In most patients, however, the tumor is only diagnosed at an advanced stage. In addition, its location is often suboptimal. This causes problems in removing the unwanted tissue change in the brain. Radiation therapy can stop the tumor from growing or start regression.
If, despite all efforts, it is not possible to completely remove the papillary tumor, the patient may die prematurely. The same development can be expected if no medical treatment is sought. The tumor gradually increases in size. In addition, cancer cells can be transported to other parts of the body via the bloodstream. There, metastases form and ultimately further tumors develop. For this reason, the earliest possible diagnosis is crucial for a good prognosis.
There is no reliable scientific knowledge about the causes that lead to the development of a PTPR, and approaches to associate the tumors with genetic abnormalities and mutations have not led any further. Therefore, no preventive measures are known that could prevent the formation of a papillary tumor in the pineal region.
Follow-up care is part of any tumor treatment. Cancerous growths can form again after a successful therapy and shorten the patient’s life span. Doctors hope that starting treatment in the early stages will give them the best chance of recovery. This is why follow-up care always takes place after the treatment of a papillary tumor in the pineal region.

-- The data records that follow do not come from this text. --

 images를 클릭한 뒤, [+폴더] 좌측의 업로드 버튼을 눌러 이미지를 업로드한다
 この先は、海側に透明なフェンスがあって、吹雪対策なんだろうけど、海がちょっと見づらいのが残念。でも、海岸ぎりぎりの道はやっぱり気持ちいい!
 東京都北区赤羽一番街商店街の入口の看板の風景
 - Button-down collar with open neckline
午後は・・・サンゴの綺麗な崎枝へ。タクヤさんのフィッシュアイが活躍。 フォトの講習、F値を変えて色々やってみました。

This tends to form metastases, which often turns out to be life-threatening. Even before the end of the initial therapy, the doctor and patient agree on the location and scope of the follow-up checks. A clinic and the practice of a resident doctor come into question. Follow-up visits take place quarterly for the first year after diagnosis. Then the rhythm widens. From the fifth year of being symptom-free, annual follow-up care is sufficient.
The papillary tumor of the pineal region requires rehabilitation immediately after the initial therapy. This takes place on an outpatient or inpatient basis. Experts help to reintegrate into the social environment. Medication will also be discontinued if necessary.

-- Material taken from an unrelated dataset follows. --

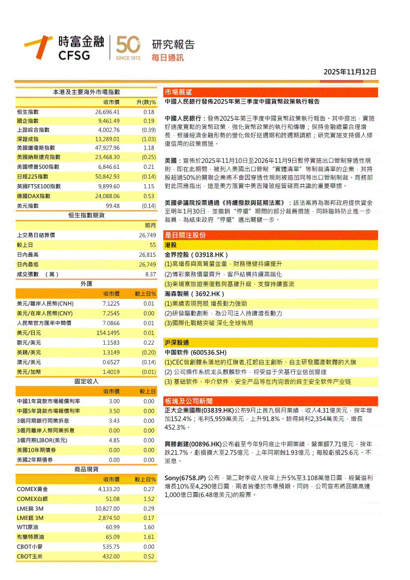 光大证券(国际)-大行晨报:政府停摆结束或利淡美元-251112
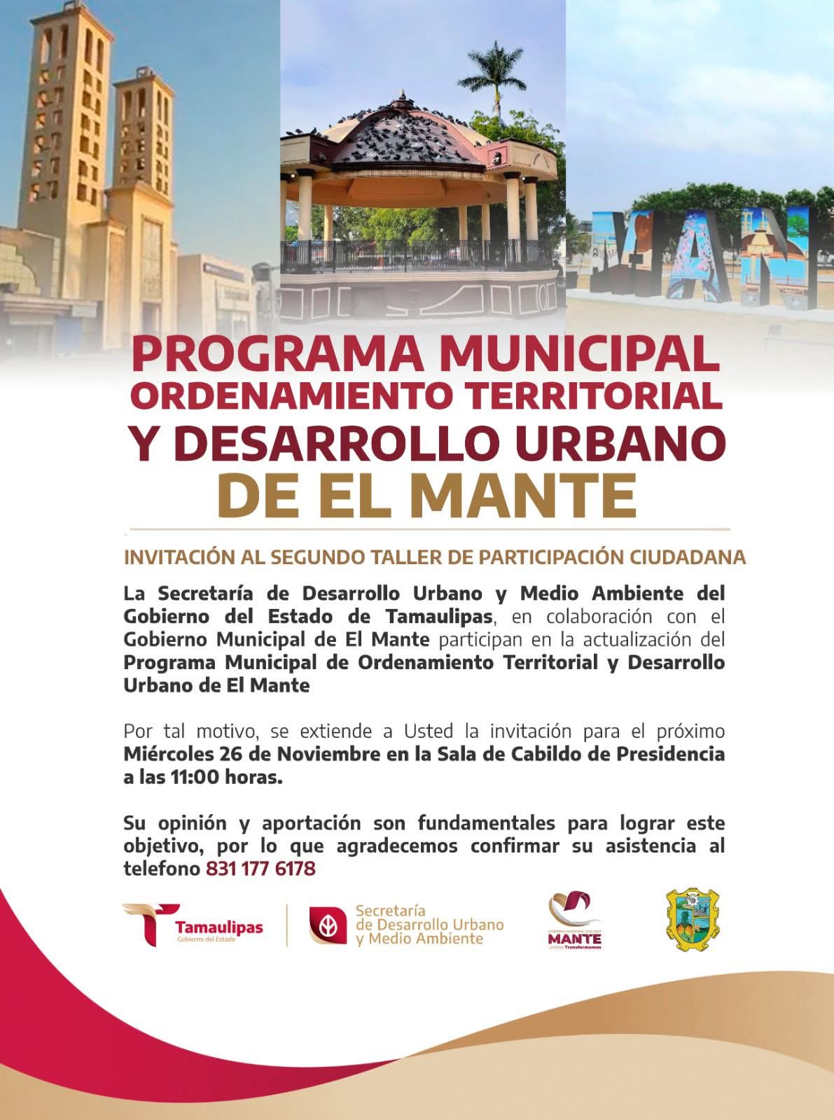 El Gobierno del Estado de Tamaulipas , a través de la Secretaría de Desarrollo Urbano y Medio Ambiente , en coordinación con el Gobierno Municipal El Mante 2024-2027 , continúa con los trabajos de actualización del Programa Municipal de Ordenamiento Territorial y Desarrollo Urbano de El Mante.

Every follow-up examination includes a detailed discussion in which the doctor asks about the general condition. In addition, he uses magnetic resonance imaging as an imaging diagnostic method, which provides information about the current status. Some doctors will also order a biopsy.
You can do that yourself
Patients who have been diagnosed with a papillary tumor of the pineal region initially require close specialist monitoring. At the same time, it is important to reconcile everyday life and illness.

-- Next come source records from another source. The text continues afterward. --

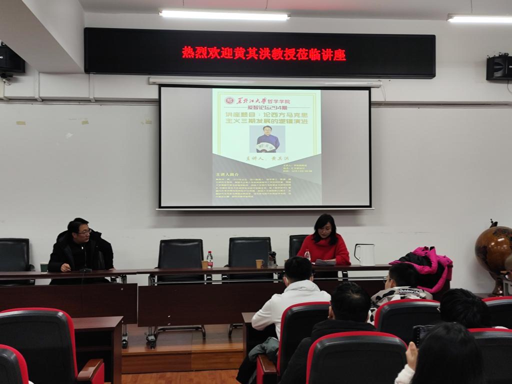 李昕桐教授首先对黄其洪教授的到来表示热烈欢迎和衷心感谢,并对黄其洪教授的研究方向和学术经历及其学术成果作了简要介绍。她指出,黄其洪教授长期从事马克思与德国古典哲学、马克思与西方实践哲学传统、当代激进左翼、移民现象学等领域研究,学术成果颇丰,在国内享有一定的学术声誉。随后,黄其洪教授从西方马克思主义的发展分期出发,对西方马克思主义的历史逻辑进行了具体的阐发。黄其洪教授通过对经典文本的分析,清理西方马克思主义三期发展的历史脉络,分析每一期发展的基本特征、历史背景和思想背景,剖析由第一期发展到第二期的原因,再分析由第二期向第三期发展的原因。在此基础上,重点介绍了第三期发展的现状和趋势,同时也讨论了国内西方马克思主义研究与第三期的关系,为学生全面勾勒出西方马克思主义发展的整体图景。
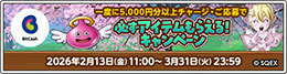 | 2026/2/13 |  ビットキャッシュを5,000円以上購入して条件を満たすと、さまざまな特典アイテムがもらえるキャンペーンを開催しました。 |
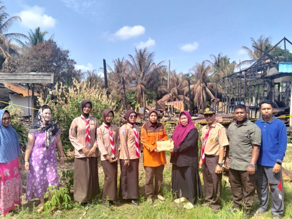 Kolaborasi Pramuka Penegak SMAN 1 Anjir Pasar dan Pramuka Peduli Barito Kuala, Salurkan Bantuan kepada Korban Kebakaran
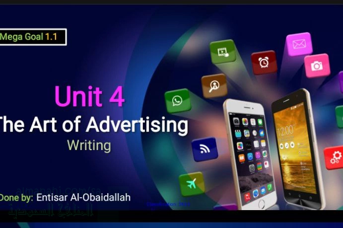 تم إيجاد الملف: عرض بوربوينت للوحدة الرابعة The art of advertisement الكتابة writing

First of all, the diet has to be changed, as certain foods are no longer allowed to be eaten. Bladder cancer, for example, does not allow for foods and drinks that are too salty. In addition, stimulants such as alcohol and nicotine should be avoided. It is important to avoid further diseases of the urinary tract. In winter, adequate clothing and a warm home are important. In summer, allergic reactions and contact with UV radiation should be avoided as far as possible. Moderate sport may be practiced in consultation with the medical specialist. In the case of a papillary tumor in the pineal region, swimming and upper body training are recommended. Gymnastic exercises as well as yoga or Pilates may also be carried out.
In addition, care should be taken to ensure that no unusual symptoms occur. In any case, the doctor must be informed about complaints that indicate a complication of the tumor. Doctors, psycho-oncologists and counseling centers support tumor patients on their way by giving tips and acting as advisors.